We all grew up in the South, and returned on a Friday, with the first order of business soaking in a spa at Claudia’s place while gazing over the Canterbury frost and deciding that yes, a young Gary McCormick was quite fuckable. Then we headed to the local rock shop, where Rebecca stocked up on semi-precious stones. It was the first of many rock shop stops on the tour.
Our Christchurch gig wasn’t until 10pm so we killed a couple of hours at the local comedy club, sitting through two hours of open mic comics. In hindsight this was a mistake. As someone in our tour party mentioned, at a certain point after you see 12 Gen X men get up on stage and joke about not eating pussy, you start to believe them. But if nothing else it gave us the confidence we needed to kick off our first show, and it went off without a hitch.
About 40 people piled into Little Andromeda theatre to watch us as a part of the magnificent Ray Shipley’s late night poetry hour. It was a remarkable feeling to read from our respective new books for the first time on the road – only slightly dampened by the fact that the crowd turn out to be tight-asses who don’t buy many books, although the show ended close to midnight so maybe I shouldn’t be so harsh.
We hit the road early the next day and made it as far as Rakaia. In Canterbury it’s illegal to drive through Rakaia and not stop for photos with the giant salmon. We duly abided, and arrived that afternoon in Oamaru to prepare for our matinee show at the Grainstore Gallery.
The Grainstore Gallery was filled with a thousand creepy masks and paintings of cursed figures that stared at us while we read our little poems. The papier-mâché faces made for an excellent buffer to the actual audience of only three people. Not all shows can be showstoppers. We took it in our stride, loaded up on cheese rolls, shook our heads disapprovingly at the steampunks lining the streets in their top hats and goggles, and headed south for gig number three.

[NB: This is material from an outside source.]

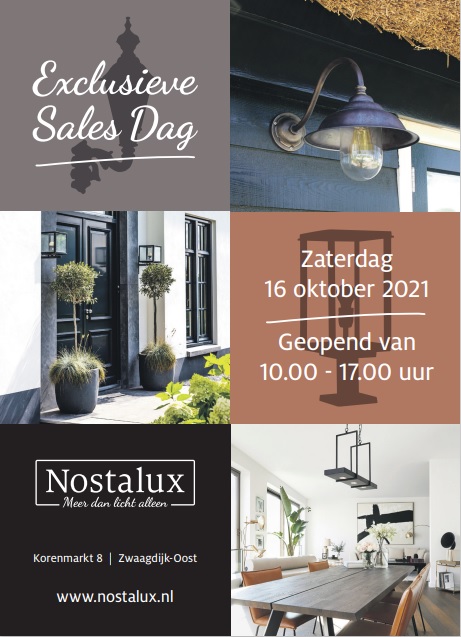 Op zaterdag 16 oktober 2021 organiseert Nostalux, de grootste buitenverlichtingswinkel van Nederland, een Exclusieve Sales Dag in haar 800 m2 grote winkel. Tijdens deze dag zijn de deuren geopend voor iedereen die op zoek is naar mooie verlichting, zich graag wil oriënteren op het gebied van binnen- en buitenverlichting of benieuwd is naar de uitgebreide collectie van Nostalux.

Dunedin greeted us with a sun I did not think shone in July. We arrived at our lodgings, the world-famous Leviathan Hotel, a haunted, historic building that looks over Anzac Park. The hallways are exact replicas of those in The Shining, the carpet permanently smells of old cigarettes and every key opens every room, as we found out when a couple of drunk guys mistook our room for theirs at two in the morning. But still, it’s the only place where you can get a three-person room with bunk beds for $100.

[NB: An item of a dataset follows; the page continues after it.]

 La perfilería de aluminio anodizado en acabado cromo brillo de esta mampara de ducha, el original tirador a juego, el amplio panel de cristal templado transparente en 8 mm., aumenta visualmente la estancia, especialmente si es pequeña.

The hotel was mainly empty except for a large cohort of senior citizens downstairs in the bar/tea rooms watching The Chase. Rebecca, known for her unorthodox cocktails (See: Mountain Dilk: Mountain Dew, Milk and Vodka, or Brothtails: OXO cubes, boiling water and a brown liquor of your choice), decided to make us Bourbon and Lemsips to get us in the mood for our show. We sipped our hot bourbon and steeled ourselves. Enthusiastic and decongested we were ready.

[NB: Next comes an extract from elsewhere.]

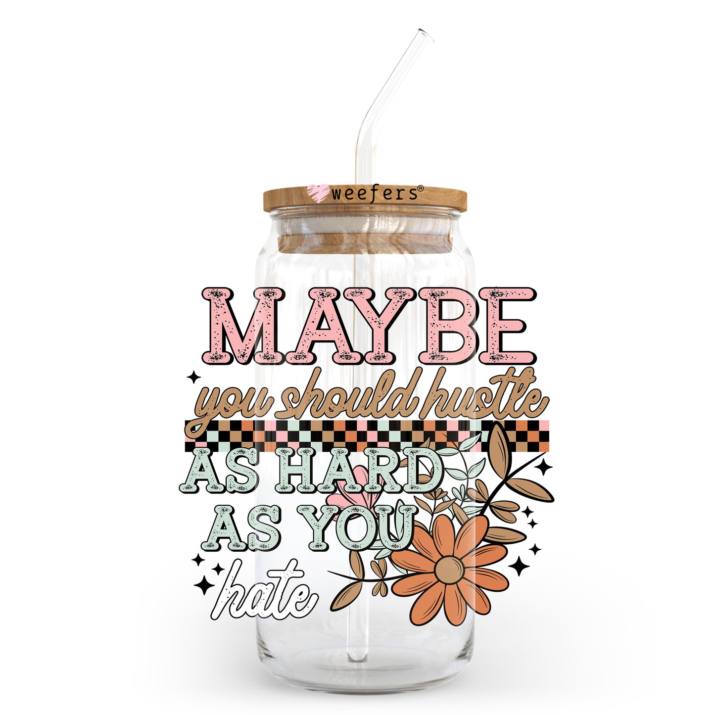 Maybe You Should Hustle As Hard As You Hate 20oz Libbey Glass Can, 34oz Hip Sip, 40oz Tumbler, 24oz Cold Cup UV DTF or Sublimation Decal Transfer

The Dunedin gig was excellent. Everyone who couldn’t be fucked watching the All Blacks packed into the cozy RDC cafe on George St. Dunedin crowds are always great, they’re open-minded and enthusiastic, and, despite often being poor students or poor academics, they buy books! A lot of them! Unlike those tight-wads in Christchurch. We retired to WOOF bar, packed to the gills with Dunedin creatives, queers and out-of-towners like us. A far cry from the student bars of old and a fitting end to a big Saturday.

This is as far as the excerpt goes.